Enhanced Energy Security with Major Ghg Emission Reductions: Coal/Biomass to Liquids

ENHANCED ENERGY SECURITY WITH MAJOR GHG EMISSION REDUCTIONS: COAL/BIOMASS TO LIQUIDS Thomas Tarka, DOE/NETL, 412-386-5354, [email protected] John Wimer, DOE/NETL, 412-386-5354, [email protected] Kenneth Kern, DOE/NETL, 412-386-5753, [email protected] Jeffrey Hoffmann, DOE/NETL, 412-386-5354, [email protected] Maria Vargas, DOE/NETL, 412-386-5753, [email protected] Peter Balash, DOE/NETL, 412-386-5753, [email protected] David Gray, Noblis, 703-610-2144, [email protected] Overview This work presents the results of a two-year systems and life cycle analysis of coal and biomass to liquids (CBTL) technology, undertaken by the National Energy Technology Laboratory. This technology pathway centers on a process that uses two existing technologies (gasification and Fisher-Tropsch liquids) to convert domestically available feedstock – coal and biomass – into synthetic transportation fuels.
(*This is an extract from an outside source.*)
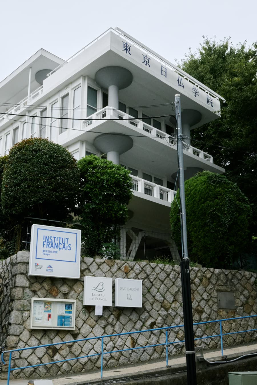 飯田橋駅から外堀通りを進み、市ヶ谷台に至る逢坂の登り口の小高い敷地に建つ「東京日仏学院」は、フランス政府公式の語学学校・文化センターだ。映画館、図書館、アートギャラリー、フランス関連書籍を扱う書店「パサージュ・リヴ・ゴーシュ」、フレンチ・レストランの「ロワゾー・ドゥ・フランス」を備え、フランス語を学ぶ人たちだけでなく、ここを訪れる人々に気軽にフランス文化に触れることができる開かれた施設であり、東京においてフランスをまるごと味わえる雰囲気が親しまれている。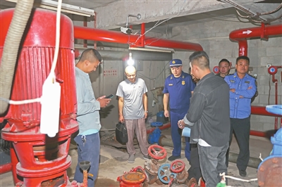 联合检查组先后对新希望佳苑、亚伸广场、龙腾盛世等地进行了实地检查。每到一处,检查组都仔细听取了各单位、场所负责人就消防安全工作开展的情况汇报,重点查看了安全管理制度、日常值班人员安排,灭火和应急疏散预案的制定,消防设施器材是否完好有效,消防通道、安全出口是否畅通,是否有违规停放电动自行车和违规充电行为,消防控制室人员是否持证上岗,自动消防设施是否完好有效等情况。并现场对屋顶消防栓、室内消火栓进行测试。

The key advantages of this technology are enhanced energy security, economic sustainability, and significantly reduced greenhouse gas (GHG) emissions as abundant domestic feedstock are converted into transportation fuels at more than competitive cost. This work builds upon the work of Williams (2006) to provide an advantageous comparison of GHG emissions from CTL w/CCS compared to a baseline U.S. refinery, in contrast to Farrell (2006) and EPA (2007), and offers a balanced, positive way forward to emerge from the energy security/climate change conundrum facing the United States.

Methods

Detailed process models were developed to assess the performance of various representative CBTL and CTL plant configurations. Aspen Plus, the industry standard chemical process modelling tool, was used for process modelling, and these were developed based on chemical industry experience, operating data provided by industry and vendors, or information found in the literature. The economic performance of these plants was based on detailed cost estimates obtained from vendors and previous studies published by NETL. A limited Life Cycle Analysis (LCA) was performed to deteremine the GHG emissions of the fuels produced by the CBTL/CTL plants in accordance with current methodology utilized by the United States Environmental Protection Agency (EPA). 2 Intelligent Well Technology: Status and Opportunities for Developing Marginal Reserves SPE

Results

Cost of product fuels are equate to $75-$85 crude oil equivalence depending upon biomass use and capture stringency within the CTL process. With aggressive CO2 capture (95%), CTL without biomass can reduce CO2 emissions per unit of fuel produced by 7% to 20% compared to standard U.S. refinery output. In coal/biomass configurations, CBTL plants produce fuels with 60% lower GHG emissions than standard petroleum.

Conclusions

Coal to Liquids (CTL) with aggressive CO2 capture (up to 95%) competitively produces liquid fuels at scale large enough to make a significant improvement in U.S. energy security, while reducing supply-side CO2 emissions. Since cost is extremely competitive compared to the prices of petroleum-based fuels, the process represents potential for creation of a significant new, long-term industry and jobs for the U.S. As CBTL, the process combines the scale advantages of coal and the GHG properties of biomass with sequestration to produce dramatically less carbon-intensive fuel. Even further reductions of CO2 can be contemplated in the future with adequate carbon capture of photosynthetic CO2 while simultaneously crediting capture through soil/root carbon of the biomass utilized, potentially optimizing the nation’s biomass supply not just for CO2 neutral purposes but for the purpose of removing existing CO2 from the atmosphere at significant scale.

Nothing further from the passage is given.